За всех маленьких в мире (Рассказы и очерки о Великой Отечественной войне) - Акимова Алла Николаевна "Составитель"
Откуда же он взял силы для всего этого?
Может быть, он стал больше есть? Да, честно говоря, чуть-чуть больше. Он получал теперь не сто двадцать пять, а двести пятьдесят граммов хлеба в день. Потом его зачислили на воинское довольствие, которое тоже не было у нас в Ленинграде таким уж шикарным.
Вот, собственно, и вся история этого ленинградского мальчика. Большего я не знаю и даже не могу, к сожалению, предпринять никаких шагов, чтобы выяснить дальнейшую Володину судьбу: по непростительной оплошности я не записал тогда его фамилии.

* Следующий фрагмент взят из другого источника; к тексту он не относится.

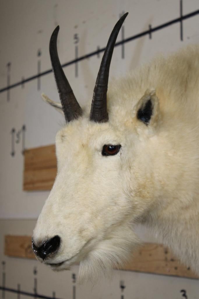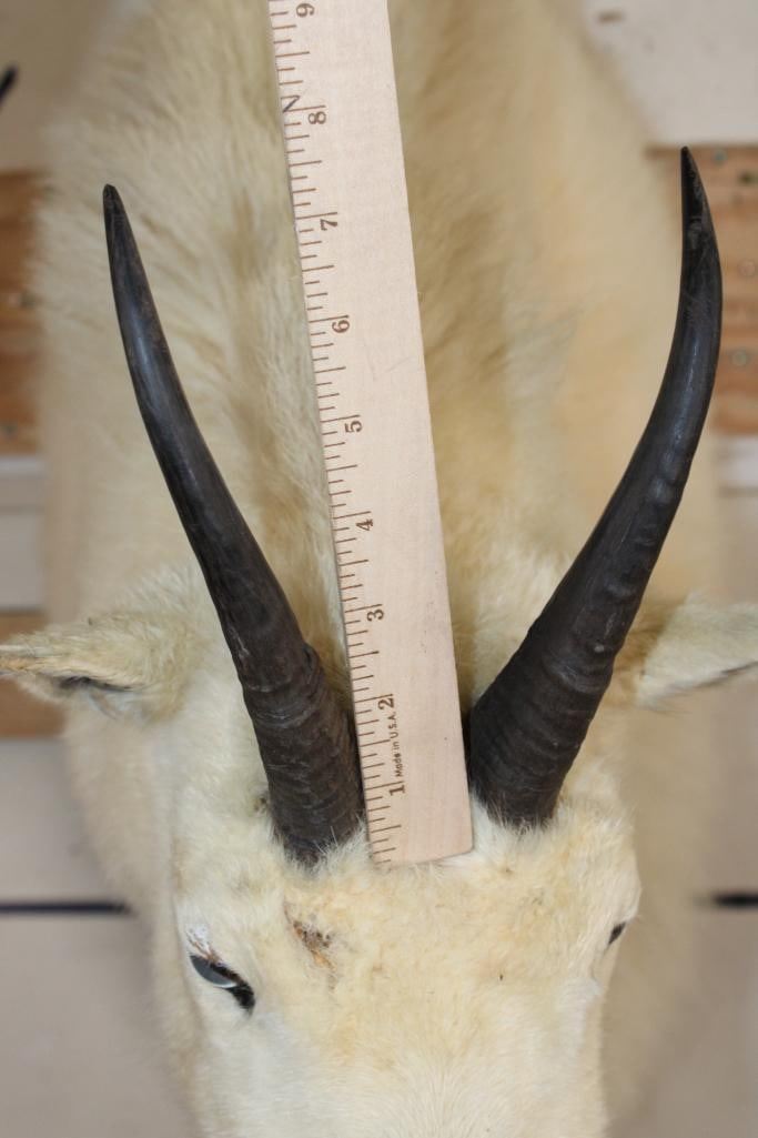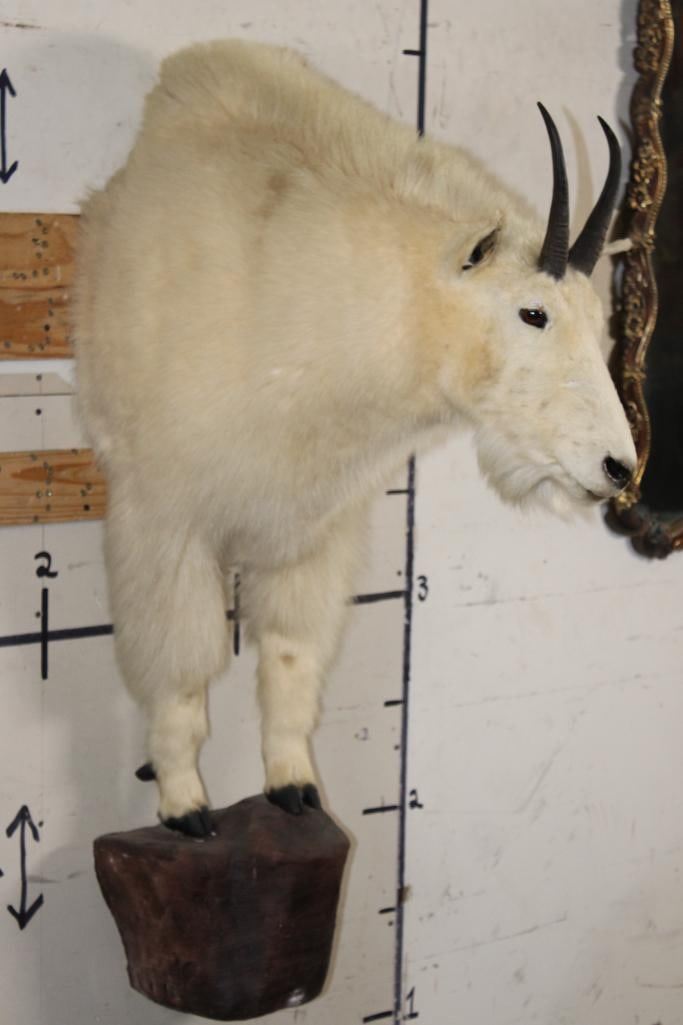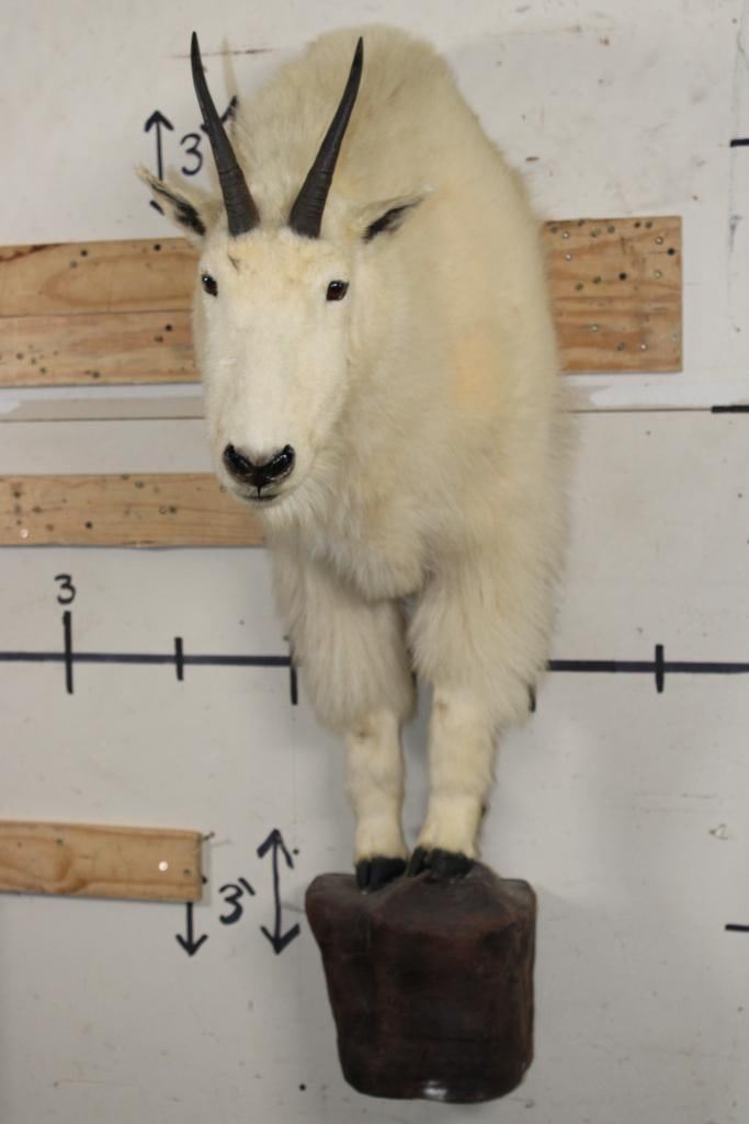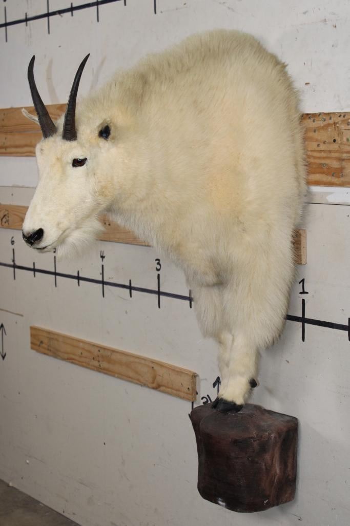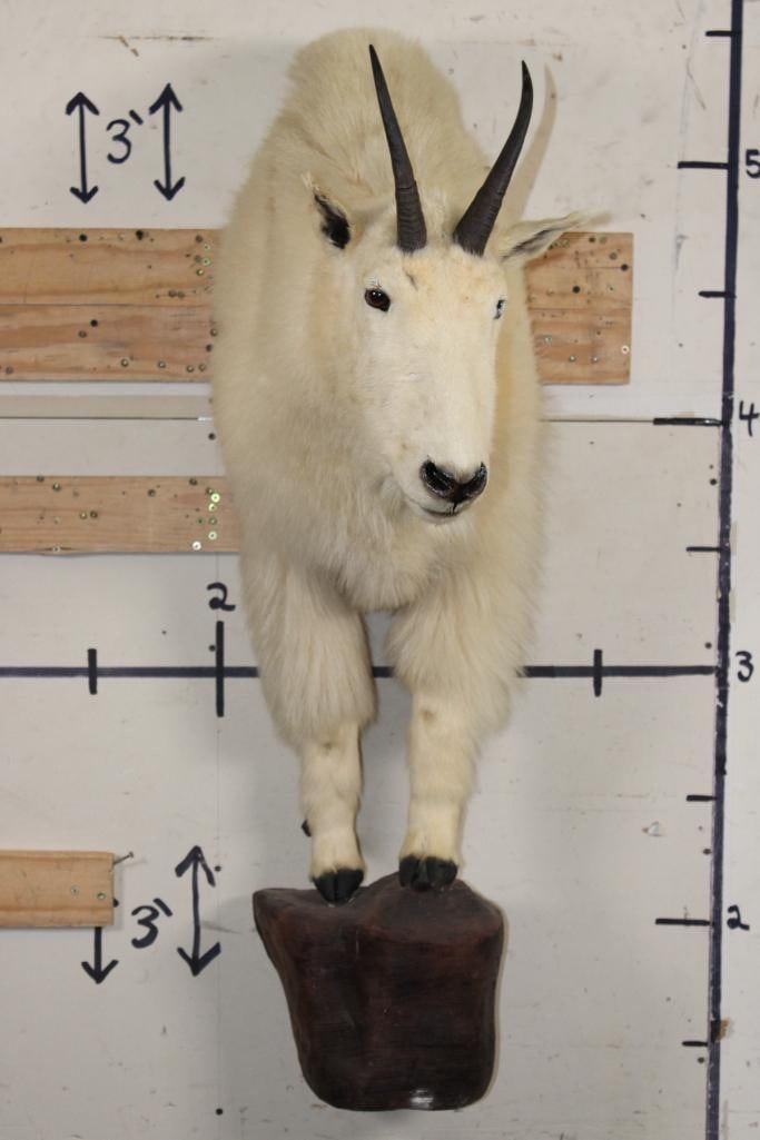 Half Body MOUNTAIN GOAT on a simulated Rock Wall Hanging Base. The Left Horn measures 8.25" Long and the Right Horn measures 8" Long. The Total Mount measures 4' Tall x 13" Wide x 30" Depth. TAXIDERMY

Во время войны я писал о Володе в одной не очень распространенной газете — он не откликнулся. Если он жив и вспомнит нашу встречу и наш тогдашний разговор, может быть, откликнется сейчас?
Напомню ему, что было это в конце января 1944 года, в очень яркий, солнечный зимний день. Мы сидели с ним на каких-то бревнах или щитах на набережной Большой Невки, недалеко от здания Сельскохозяйственного института. Тогда там стояла какая-то воинская часть, солдаты выбивали на снегу свои матрацы.
Да, я понимаю, что впереди было еще полтора года войны и всякое могло случиться.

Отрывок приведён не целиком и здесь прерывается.